▶ _What you need to do_
There are pictures in the records below; leave them out and set down exactly the lines from the one holding "Tomasz ŁUKASZUK1, Leon BOBROWSKI1,2" through the one holding "巴萨双子星拉菲尼亚与拉明・亚".

▶ _Stored data_
*** Block opens ***

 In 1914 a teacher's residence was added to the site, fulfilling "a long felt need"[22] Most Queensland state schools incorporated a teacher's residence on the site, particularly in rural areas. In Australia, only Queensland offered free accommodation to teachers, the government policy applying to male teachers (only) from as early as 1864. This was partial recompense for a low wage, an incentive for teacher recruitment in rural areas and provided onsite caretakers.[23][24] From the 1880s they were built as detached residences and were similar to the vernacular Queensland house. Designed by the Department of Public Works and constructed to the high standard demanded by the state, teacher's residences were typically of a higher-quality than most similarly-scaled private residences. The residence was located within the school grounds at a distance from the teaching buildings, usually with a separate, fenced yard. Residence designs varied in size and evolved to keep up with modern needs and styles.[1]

*** Block closes ***
*** Block opens ***

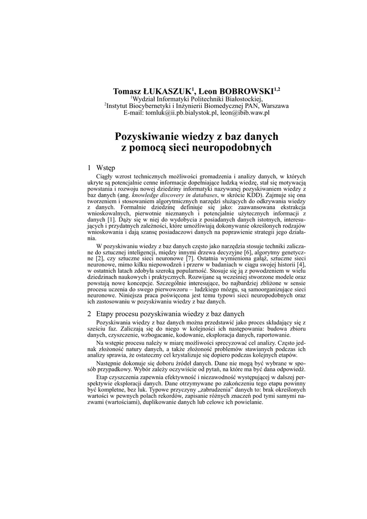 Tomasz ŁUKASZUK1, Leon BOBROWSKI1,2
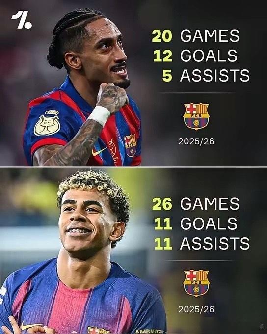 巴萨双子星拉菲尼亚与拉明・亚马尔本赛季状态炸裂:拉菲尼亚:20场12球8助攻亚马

*** Block closes ***

▶ _Your response_
 Tomasz ŁUKASZUK1, Leon BOBROWSKI1,2
 巴萨双子星拉菲尼亚与拉明・亚马尔本赛季状态炸裂:拉菲尼亚:20场12球8助攻亚马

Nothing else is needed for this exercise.